Following the famous PSN hack, several reports were published online and in print that a large section of the PSN database containing complete personal details along with credit card numbers is available for sale.
"Supposedly the hackers selling the DB says it has: fname, lnam, address, zip, country, phone, email, password, dob, ccnum, CVV2, exp date," Security researcher Kevin Stevens posted on twitter, "it is not a rumor, it was a conversation on a criminal forum."
Of course these reports contradict Sony's earlier statement that credit card data was encrypted.
Responding to those reports, Sony issued another statement, reassuring that the data was in deed encrypted.
"We want to state this again given the increase in speculation about credit card information being used fraudulently. One report indicated that a group tried to sell millions of credit card numbers back to Sony. To my knowledge there is no truth to this report of a list, or that Sony was offered an opportunity to purchase the list," Patrick Seybold senior Director, Corporate Communications & Social Media wrote on the official PlayStation blog.
"…While the passwords that were stored were not "encrypted," they were transformed using a cryptographic hash function. There is a difference between these two types of security measures which is why we said the passwords had not been encrypted."

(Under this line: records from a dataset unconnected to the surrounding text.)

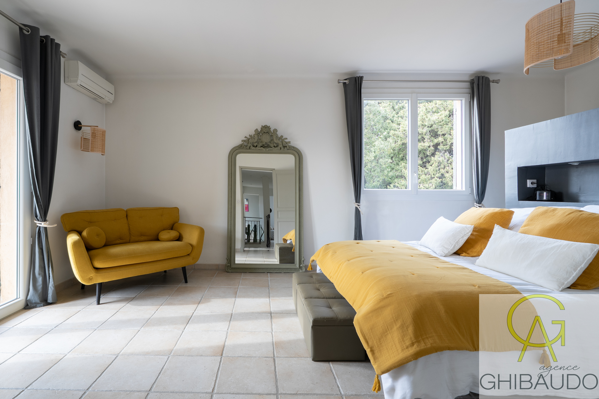 Bien d'exception à Luynes. En exclusivité au coeur du village de LUYNES l'agence GHIBAUDO vous présente à la vente une belle demeure qui conjugue avec justesse le cachet d'une bastide provençale et un intérieur contemporain. Implantée sur une parcelle paysager de 926 m2, sa surface de 172 m2 offre un art de vivre à l'abri des regards, dans un environnement intime. Dés l'entrée, un vaste sas vitré ouvre la perspective vers l'exterieur et baigne les espaces de lumière. Le séjour, chaleureux et élégant jouxte une cuisine indépendante mais non cloisonnée, structurée autour d'un îlot central pensé pour les instants de convivialité. Dans son prolongement, une grande salle à manger accueille aisément les diners en famille. À l'étage, l'escalier mène à un espace nuit parfaitement didtribué. La suite parentale avec sa salle d'eau attenante s'ouvre sur une terrasse exposée plein ouest offrant une vue dégagée. Un dressing, un bureau, deux chambres ainsi qu'une salle de bains complètent ce niveau avec cohérence et confort. À l'extérieur, le jardin clos et soigneusement structuré propose une terrasse d'été couverte, une piscine traditionnelle et son pool house puis un boulodrome. Un T2 indépendant idéal pour recevoir, loger un proche ou envisager un usage locatif discret. Une propriété confidentielle, entretenue avec exigence qui séduira les acquéreurs en quête d'un lieu singulier alliant emplacement premium et prestations de qualité. Les informations sur les risques auxquel ce bien est exposé sont disponibles sur le site géorisque (www.georisque.gouv.fr) Son prix: 1 215 000 € honoraires à la charge du vendeur
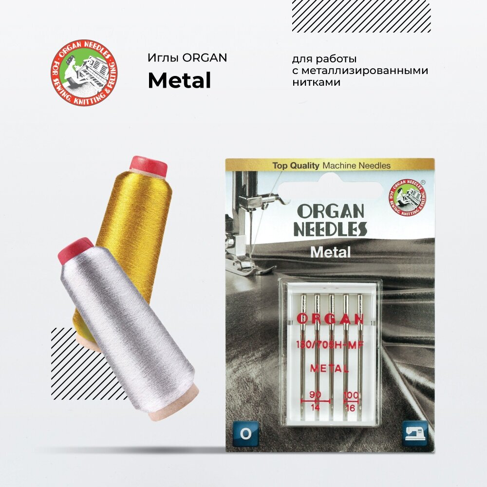 Иглы для швейной машины ORGAN для металлической нити, ассорти 5 шт, в блистере, №90-100 интересное:
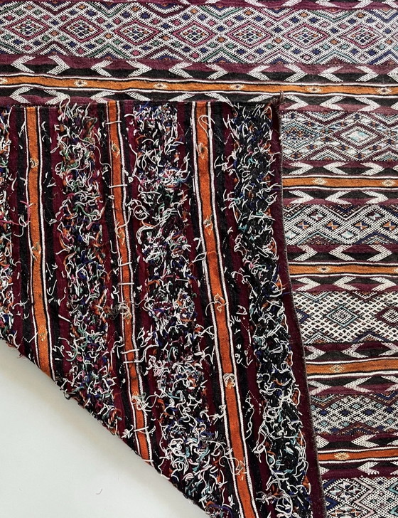 Esta alfombra oblonga, de 3,40 x 1,60 metros, fue anudada a mano alrededor de 1980 por mujeres bereberes en el Atlas Medio. Su color intenso y cálido, su textura compacta y su lana resistente la convierten en una alfombra no solo hermosa a la vista, sino también cómoda.
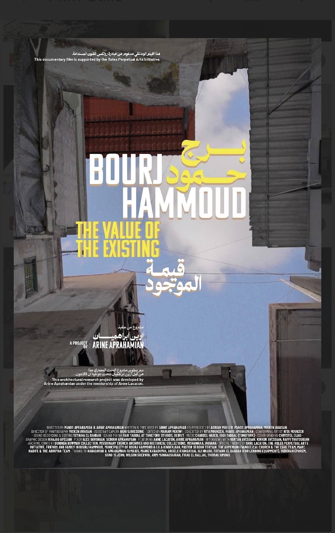 ومن الأفلام اللبنانية التي تتناول البيئة فيلم «برج حمود: قيمة الموجود»، وهو وثائقي يتتبع مشروع بحث معماري امتد لعامين في أحد أكثر أحياء بيروت كثافة وتشابكاً سكانياً، من إخراج أرين وبانوس أبراهميان.
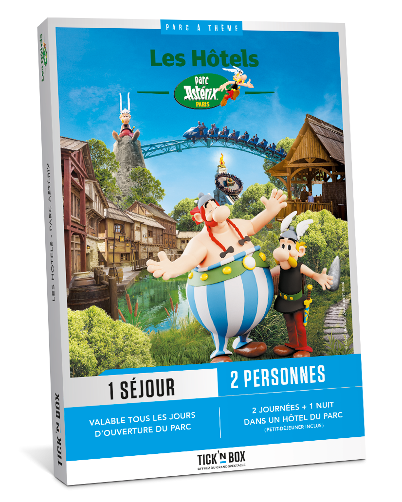 Avec Tickn'Box, découvrez le Parc Astérix. Quand ils ne sont pas en train de repousser l’envahisseur, les Gaulois ont de quoi s’amuser : 47 attractions et spectacles, plus fous les uns que les autres… Il y en a pour tous les goûts, et tous les âges ! Avec Tickn'Box, plongez dans l'univers des plus beaux parcs à thèmes d'Europe Dans votre Tickn'Box, vous découvrirez : Un chèque cadeau échangeable contre 2 entrées pour 2 journées au parc Une nuit pour 2 personnes dans l'un des 3 hotels du parc Astérix (en fonction de la date réservée) 2 petits-déjeuners Ce chèque permet de réserver votre séjour en vous connectant sur le site tickandbox.net. Le coffret est valable pour 2 personnes, 24 mois à compter de sa date d’achat. Tickn'Box est revendeur officiel du Parc Astérix. Choisissez votre séjour et vivez une expérience unique. Votre séjour est totalement personnalisable lors de votre réservation en ligne (ajout d'entrées, de journées ou de nuitées supplémentaires au meilleur prix du moment)
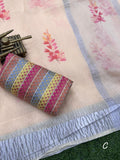 flower printed saree with crush effect & silver zari pallu and border. Minakari multi colored jacquard weave. |
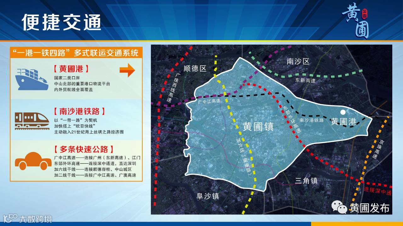 作为中山的北大门,黄圃镇毗邻广佛都市圈和南沙自贸区,包括南沙港铁路在内,在建和将建的广中江高速公路、加二线、黄圃快线、东部外环高速公路等快速路网,将大大提升黄圃的区位优势,加上黄圃港货运码头和南沙港铁路在中山境内设立唯一的货运站场,黄圃镇将成为全市唯一集“公、铁、水”多式联运于一体的综合性交通枢纽,区位优势更加凸显。
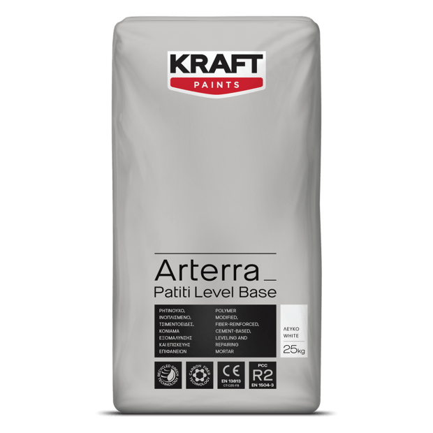 Το Arterra Patiti Level Base είναι ένα ρητινούχο, ινοπλισμένο, τσιμεντοειδές, λευκό κονίαμα εξομάλυνσης και επισκευής επιφανειών. Προσφέρει χαρακτηριστική εργασιμότητα, υψηλή ευκαμψία & επιφανειακή σκληρότητα. Η νέας τεχνολογίας σύνθεσή του είναι διπλά ενισχυμένη με ίνες πολυπροπυλενίου & ανθρακονημάτων, καθώς και φυσικές υδραυλικές συνδετικές ύλες ανακύκλωσης (Recycled Green Technology). Κατατάσσεται ως κονίαμα εξομάλυνσης τύπου CT-C25-F8 κατά ΕΝ 13813 και ως επισκευαστικό σκυροδέματος τύπου PCC R2 κατά ΕΝ 1504-3 & EN 1504-9:2008.
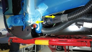 - Use a bungee strap to pull back the RH front wheel liner and secure it to the subframe.
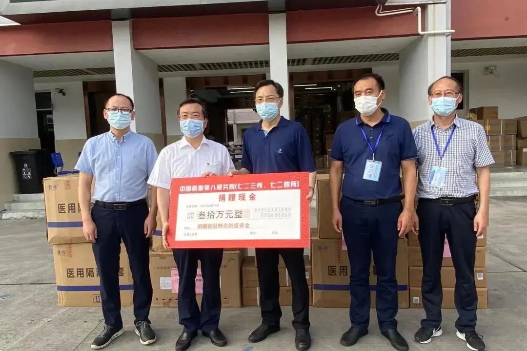 當(dāng)前,揚州疫情防控形勢依然嚴(yán)峻,抗擊疫情到了最關(guān)鍵的時刻。8月14日,中國船舶集團八院向揚州市捐贈30萬元現(xiàn)金、100萬只口罩和20萬元其他防疫物資支援揚州抗擊新冠肺炎疫情。
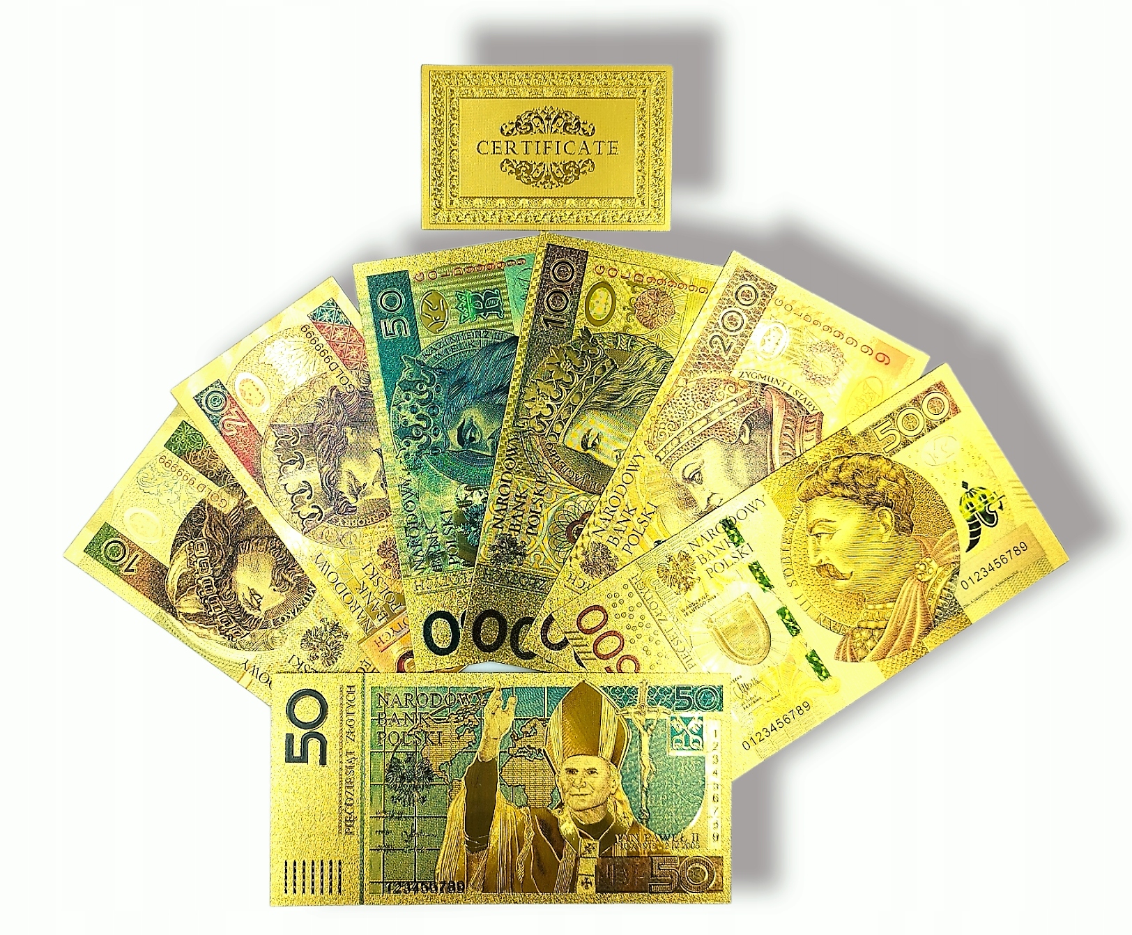 УНІКАЛЬНИЙ КОЛЕКЦІЙНИЙ НАБІР Позолочені польські ПВХ банкноти Бонус
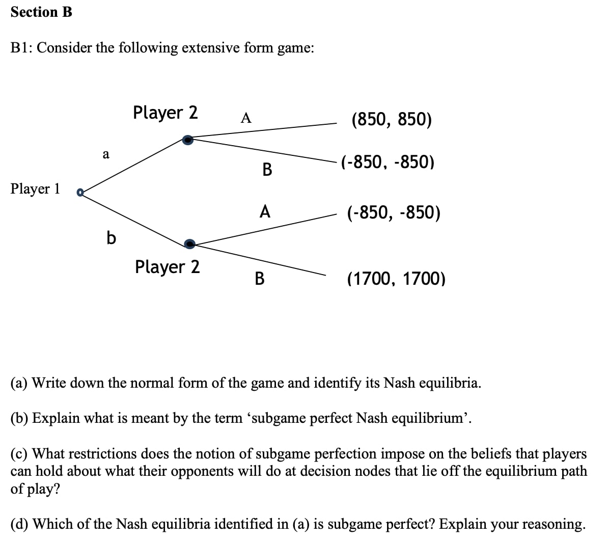 Section B B1: Consider the following extensive form game: Player...
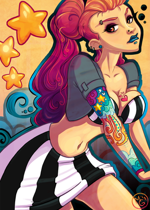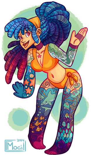Trying to get back into drawing for myself lately. Its been hard but I am finally starting to make it more of a habit. Over the last few weeks, I have decided that it is time to branch out and try new things. So here is my first attempt. Usually, my coloring style is very simple. I wanted to try something a bit more "painterly" (though barely!). I really had fun with this. There are some areas that I know are not working but I will be redoing this piece for the next few weeks and trying out different approaches. So hopefully and update soon. If anyone knows of some awesome photoshop coloring tutorials that would be awesome!So this is a sketch I did for fun a few weeks ago. I was having trouble being creative so I tried this exercise where I took 2 different magazines and opened them both up to random pages. Then I do drew inspiration from both pages. One was a fashion magazine where the girls all had octopi and squids on their heads, the other was a tattoo magazine with this awesome female model who had AMAZINGLY beautiful and colorful dred locks. This is the result.
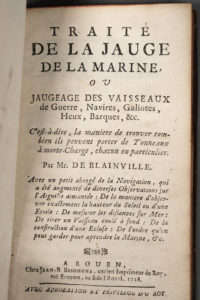 [Marine]. MOITOIRET DE BLAINVILLE (Antoine). Traité de la jauge de la marine, ou Jaugeage des vaisseaux de guerre, navires, galiotes… A Rouen, chez J.-B. Besongne, 1728. In-12, 82 p., [3] f. (privil.), pl., fig., veau havane époque, dos lisse,...
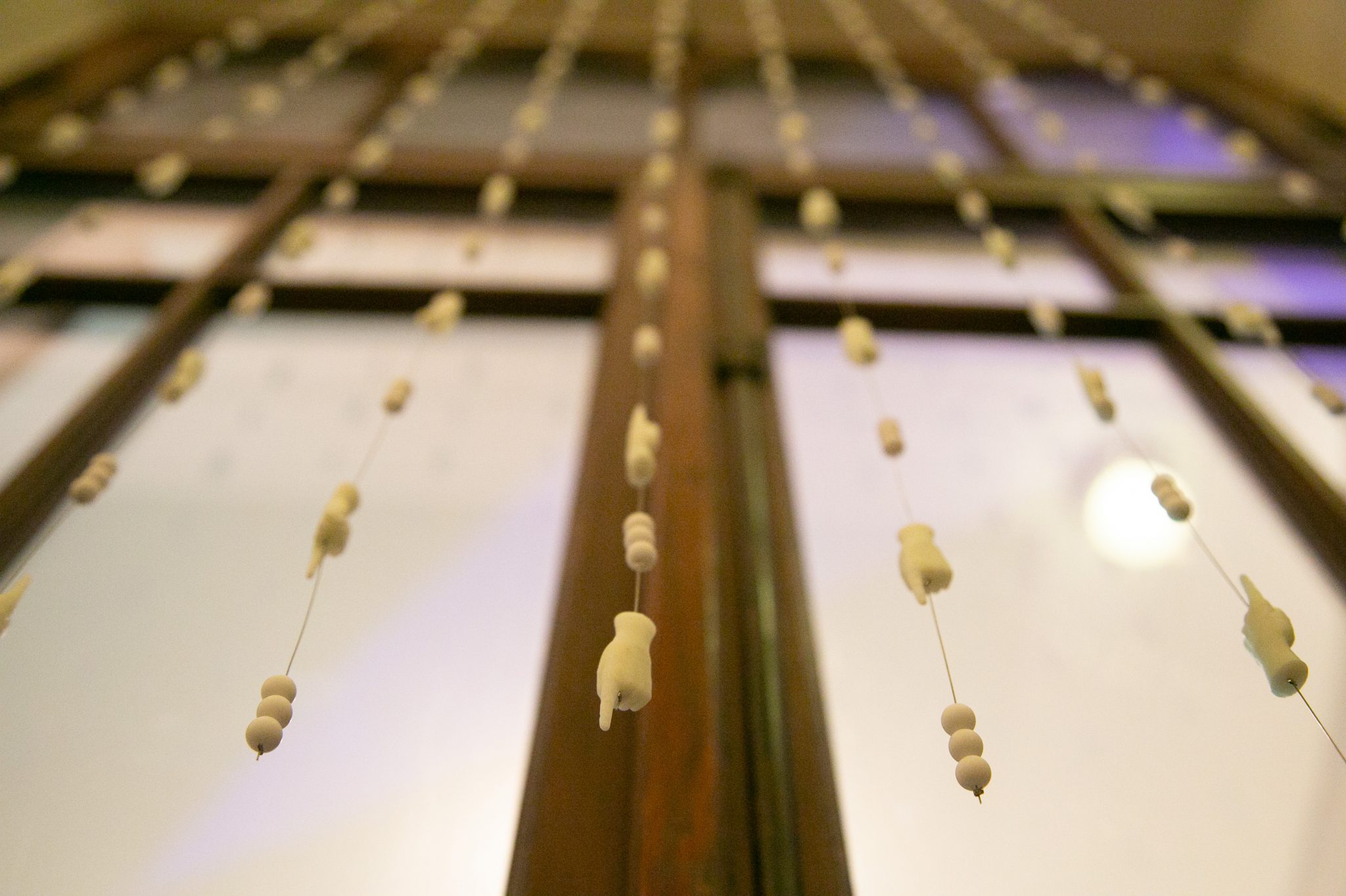 Lital Rubinstein, What is above, what is below, 2018. Curtain, beads, mixed media, 210x80cm
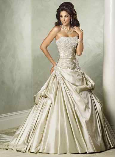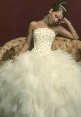 Our next suggestion is a corset dress with a really ruffled skirt. This dress is type ball room and it has a modern touch too. The corset has nice looking embroidery, floral maybe. The skirt is really voluptuous, it’s made of taffeta and it has only threaded and ruffled parts in it. It’s indeed an interesting dress, don’t you think so?
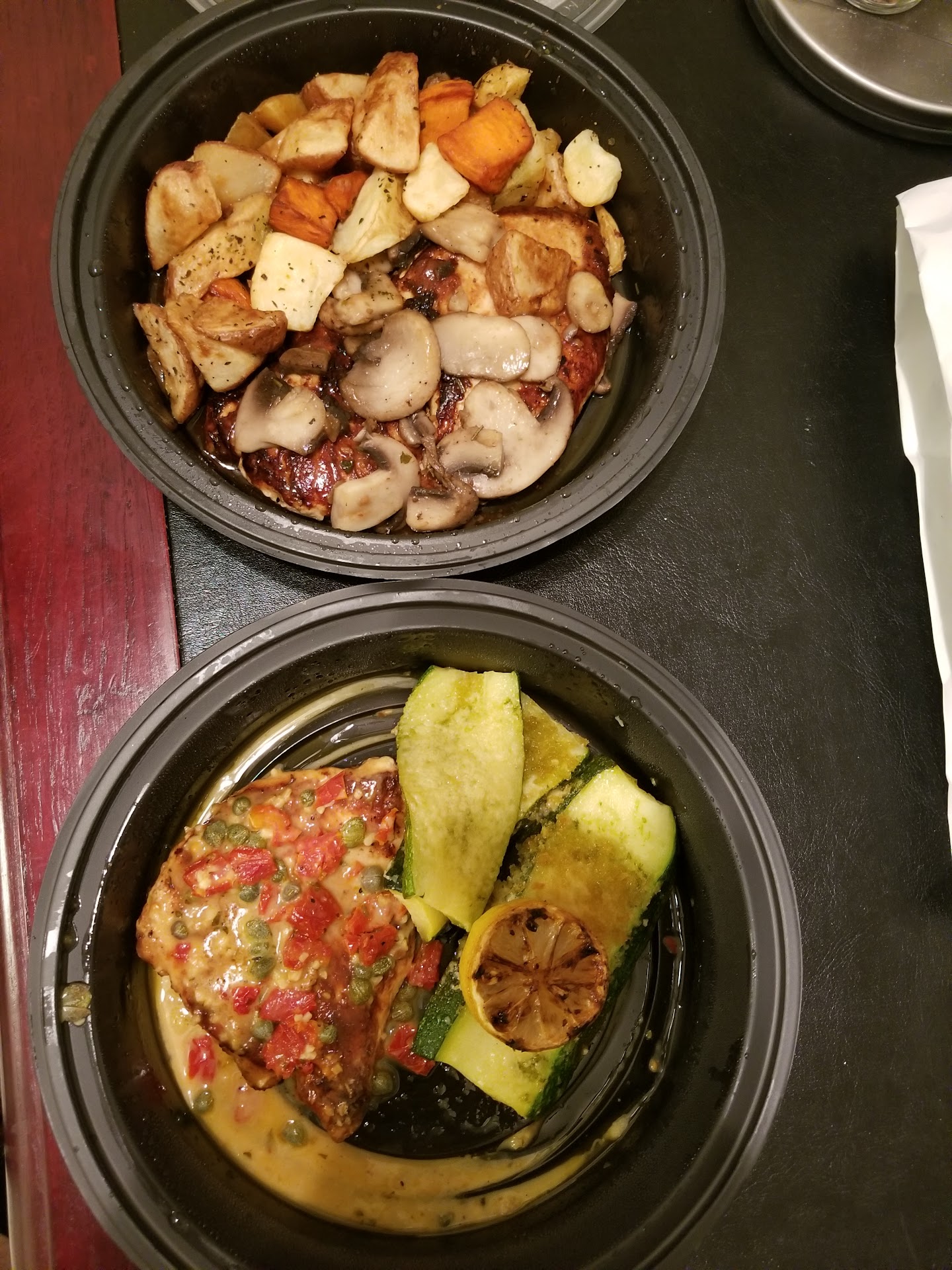 I ordered the Chicken Marsala (Yum! My fave!) I.... can't really describe what I received accurately. It was sad. But I can tell you what it wasn't... it wasn't real chicken.

Cryptographic hashing is a little bit more secure than leaving the data in the plain, but it is easier to crack than proper encryption.
As usual since the start of the debacle, Sony reminded users that it would never contact them in any way to ask for credit card number or any other personal information, and that any such requests are definitely scams.
In the meanwhile PSN users are advised to change their email and other services passwords and security questions if they contain data they used on the PSN. PSN users should also remember to login and change their passwords as soon as the service is back online.